> [What you have to do]
A partial copy is required: transcribe exactly the lines from the one containing "pastel & encaustic ©BIGOUDI" through the last line below, without any pictures.

> [Provided records]
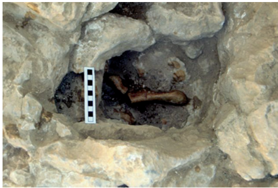
Quarries in Harappa. Fig. 24
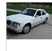
Mercedes-Benz : E-Class
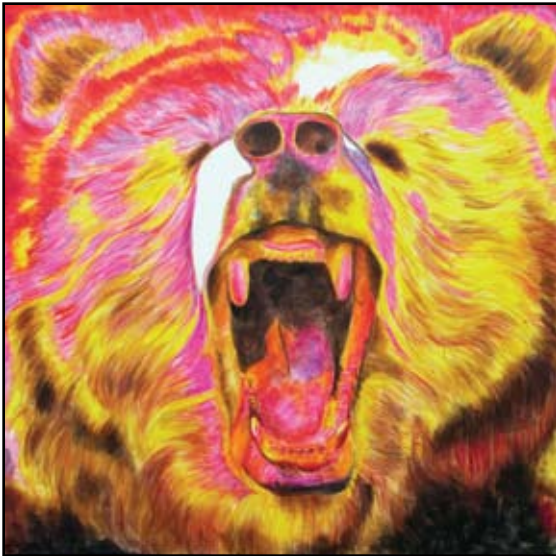
“Can’t bear it #1” 57x57 inches, oil pastel & encaustic ©BIGOUDI
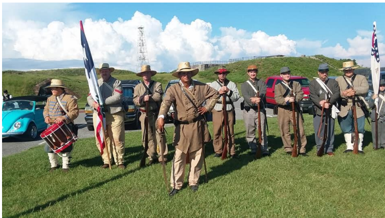
The 3 rd Mississippi Infantry was prepared to present arms at flag raising at the Fort on Aug. 3, 2019.
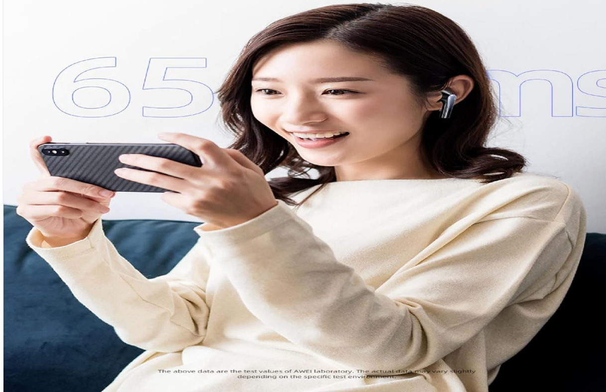
Image: A person is shown happily using the AWEI T62 earbuds while looking at a smartphone, with a graphic indicating "0.065S Insensible Delay" for audio and video synchronization, suggesting a low-latency experience ideal for gaming or video playback.

Professional e-sports surround stereo and audio & video synchronization without noise, which greatly improve the e-sports experience
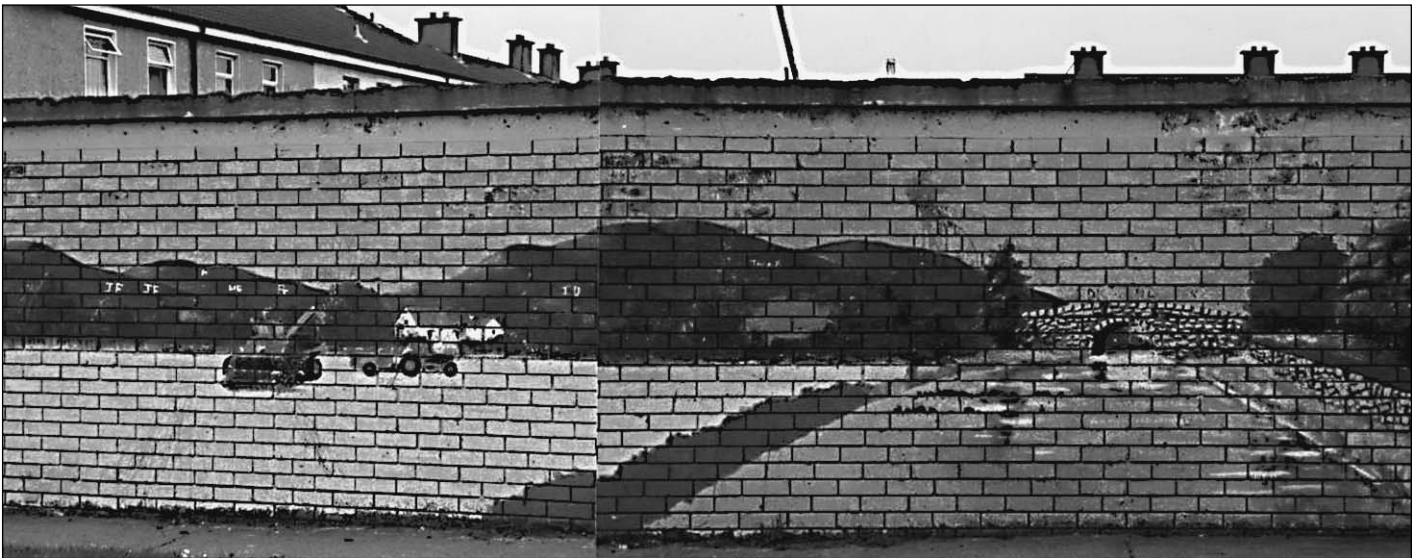
Figure 3. A mural depicting a harvest scene.

joyous with the sounds of industry, the romping of sturdy children, the contests of athletic youths, the laughter of comely maidens; whose firesides would be the forums of the wisdom of serene old men. [ Irish Press , 18 March 1943:1]

> [Your response]
“Can’t bear it #1” 57x57 inches, oil pastel & encaustic ©BIGOUDI
The 3 rd Mississippi Infantry was prepared to present arms at flag raising at the Fort on Aug. 3, 2019.
Image: A person is shown happily using the AWEI T62 earbuds while looking at a smartphone, with a graphic indicating "0.065S Insensible Delay" for audio and video synchronization, suggesting a low-latency experience ideal for gaming or video playback.

Professional e-sports surround stereo and audio & video synchronization without noise, which greatly improve the e-sports experience
Figure 3. A mural depicting a harvest scene.

joyous with the sounds of industry, the romping of sturdy children, the contests of athletic youths, the laughter of comely maidens; whose firesides would be the forums of the wisdom of serene old men. [ Irish Press , 18 March 1943:1]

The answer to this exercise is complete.